Имеются ли какие-либо свидетельства тому, кто именно мог произвести взрывы вечером 14-го сентября? По поводу организаторов взрывов мы обнаружили только косвенное свидетельство П.М. Капцевича, командира 7-й пехотной дивизии, содержащееся в письме к А.А. Аракчееву от 6 (ст. ст.) сентября 1812 г.: «… два магазина с порохом подорваны по распоряжению генерала Милорадовича и взрывы были с ужасным трясением»[455]
. В то же время из записок С.Н. Глинки следует, что «громовой грохот» под Симоновым монастырем был произведен не взрывом порохового склада, а взрывом «барки с комиссариатскими вещами»[456]. В целом, с полной уверенностью сказать, кто именно организовал взрывы и что именно ими было подорвано, до сих пор вряд ли возможно. В то же время совершенно определенно, что в организации первых поджогов (а возможно, и взрывов) участвовали чины московской полиции[457].Вслед за первыми взрывами и поджогами вечером началась новая серия пожаров. Бестужев-Рюмин, находившийся в тот час в здании Сената в Кремле, утверждал, что уже в 8 вечера в Китай-городе, в Москательном ряду, показалось сильное пламя[458]
. Приказчик Баташова М. Соков, человек хорошо сведущий в топографии Москвы, полагал, что Скобяные и Москательные ряды, а также Новый Гостиный двор (находился около Кремлевской стены между Никитскими и Спасскими воротами), и два дома «за Яузским мостом» (т. е. в Таганской части, на южном берегу Яузы) загорелись в 9-м часу вечера[459]. Из воспоминаний Бургоня следует, что пожар «Базара» начался еще раньше[460]. Солтык относит начало пожара в районе «Базара» к 9 — 10 часам вечера[461]. Коленкур уверяет, что новость о пожаре в Торговых рядах достигла Квартиры императора к 11 часам вечера[462]. Ему вторит Сюрюг: «…около 11 часов вечера огонь в большой ярости показался в лавках, расположенных у Биржи (напомним: так Сюрюг и многие французы называли Гостиный двор. — В.З.); эти магазины содержали масло, жир и другие легко воспламеняющиеся материалы, превратившиеся в неугасимый очаг. Когда потребовались городские насосы, они не нашлись; распространился слух, что полиция вывезла их, как и все инструменты, необходимые для тушения пожаров; пока с огнем боролись в одной стороне, он вспыхивал с другой с еще большей силой»[463]. Другие свидетели предпочли просто указать, что пожар в районе Китай-города начался вечером 14-го[464].Видимо чуть позже, уже ночью, вспыхнул пожар на Солянке, у Воспитательного дома[465]
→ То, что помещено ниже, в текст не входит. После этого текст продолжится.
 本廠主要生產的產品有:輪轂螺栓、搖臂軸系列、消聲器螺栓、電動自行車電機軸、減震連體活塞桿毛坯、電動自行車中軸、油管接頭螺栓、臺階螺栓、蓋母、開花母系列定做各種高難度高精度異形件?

, который, однако, через несколько часов был потушен.Кто мог организовать эти очаги пожара? Согласно воспоминаниям Н.Ф. Нарышкиной, дочери Ростопчина, все тот же Вороненко не только уничтожал «склады с зерном, барки, стоявшие на реке, также наполненные зерном», но «и лавки, которые образуют форму базара, в которых были все товары, необходимые для обитателей Москвы»[466]
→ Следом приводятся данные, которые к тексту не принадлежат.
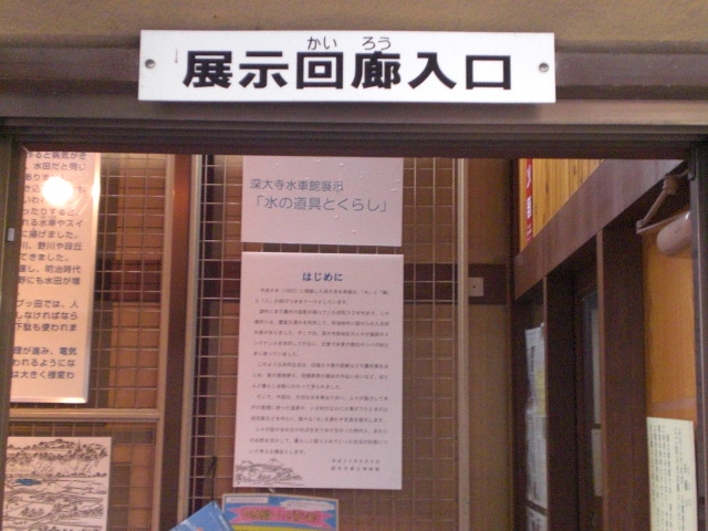 水車館の展示回廊は、まだ水車が村人の食生活に大きな役割を果たしていた太平洋戦争直後までの農村の生活の様子が展示されています。
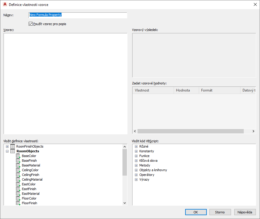 Názvy definic vlastností, použité ve vzorci, jsou zobrazeny v závorkách, například [Šířka]. Pokud definice vlastnosti náleží do jiné definice sady vlastností, než je definice obsažená ve vzorci, je tento název rovněž zobrazen, například [DoorObjects:Výška].

. Сам же Ростопчин в оправдательной книге «Правда о пожаре Москвы» уверял, что пожар учинили «сами сторожа лавок, расположенных вдоль стен Кремля (т. е. в Новом Гостином дворе. — В.З.)». То же Ростопчин написал и в отношении причины пожара в Каретном ряду, который хозяева лавок «запалили по общему согласию»[467].Кто же прав? Обратимся к свидетельствам лиц, которые оказались вечером 14-го и ночью на 15-е сентября в центре событий — к воспоминаниям Бургоня и Вьонне де Марингоне. «Час спустя после нашего прибытия, — пишет Бургонь, имея в виду, вероятно, прибытие к дворцу Растопчина, и определяя время, таким образом, примерно шестью часами вечера, — начался пожар: показался, с правой стороны, густой дым, и тотчас же взвились языки пламени, но никто не знал, откуда это происходит. Нам сообщили, что огонь начался на базаре (bazar), квартале купцов…»[468]
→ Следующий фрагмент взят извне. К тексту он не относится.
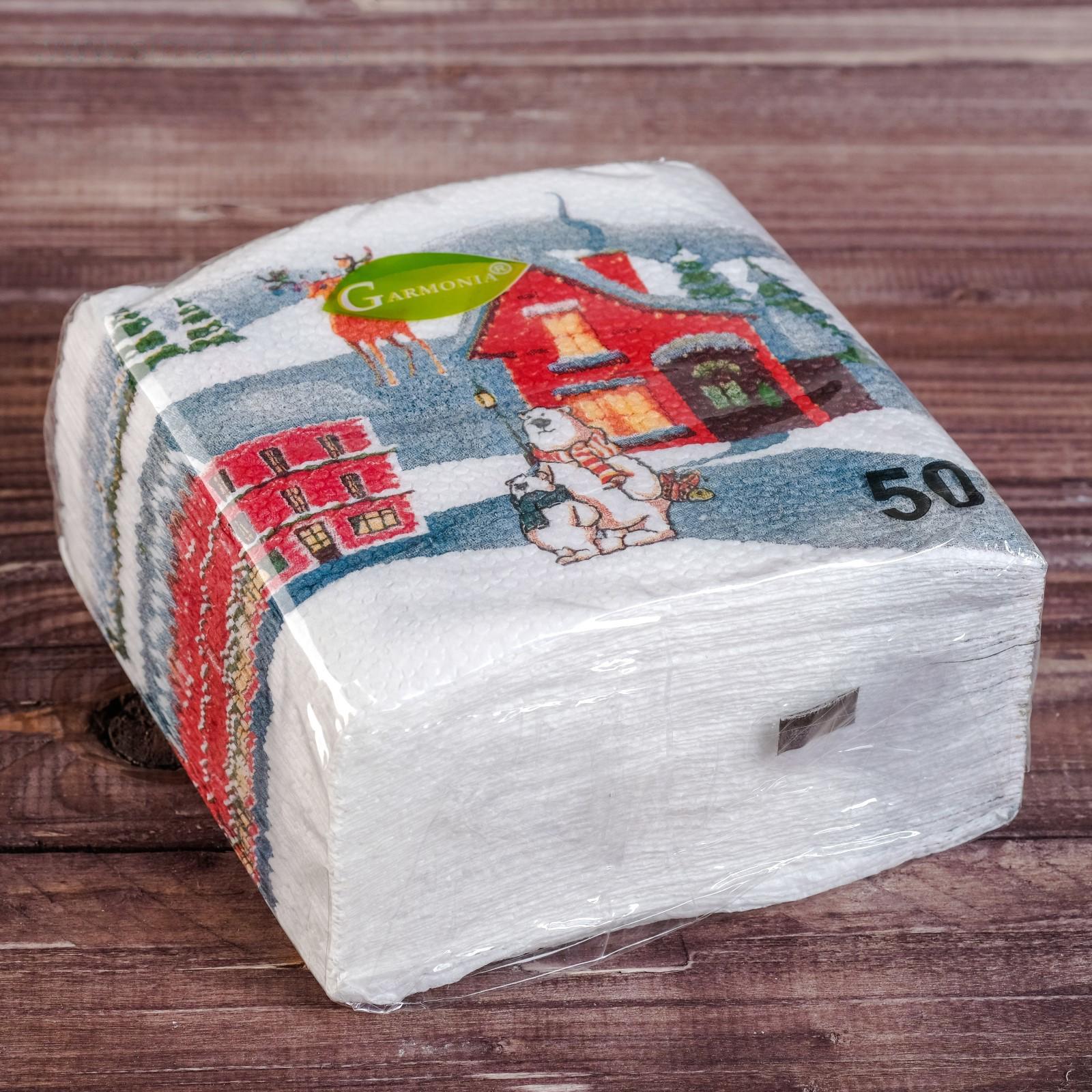 Новогодние Новогодние салфетки бумажные "Гармония цвета многоцветие. Домики", 24*24 см, 50 листов

«В семь часов, — продолжает Бургонь далее, — огонь показался за дворцом губернатора: тотчас же полковник (вероятно, П. Бодлэн, майор (полковник) полка фузилеров-гренадеров гвардии, в котором служил Бургонь. — В.З.) пришел на пост (размещенный в доме Ростопчина. — В.З.) и приказал выслать патруль в 15 человек, в котором был и я…» Вскоре после того как патруль прошел 300 шагов по направлению к пожару, Бургонь и его товарищи были обстреляны и вступили в схватку со стрелявшими, по мнению мемуариста, каторжниками, одетыми в овчинные тулупы. Затем пришлось долго блуждать по горевшим московским улицам и драться с многочисленными людьми «с длинными бородами и зловещими лицами», которые поджигали дома[469]. Во время скитаний той ночью патруль фузелеров-гренадеров наткнулся на «многочисленных егерей гвардии (plusieurs chasseurs de la Garde)», которые сообщили, что русские сами поджигают город[470]. Бургонь и его друзья возвратились на «губернаторскую площадь» только в 2 часа ночи.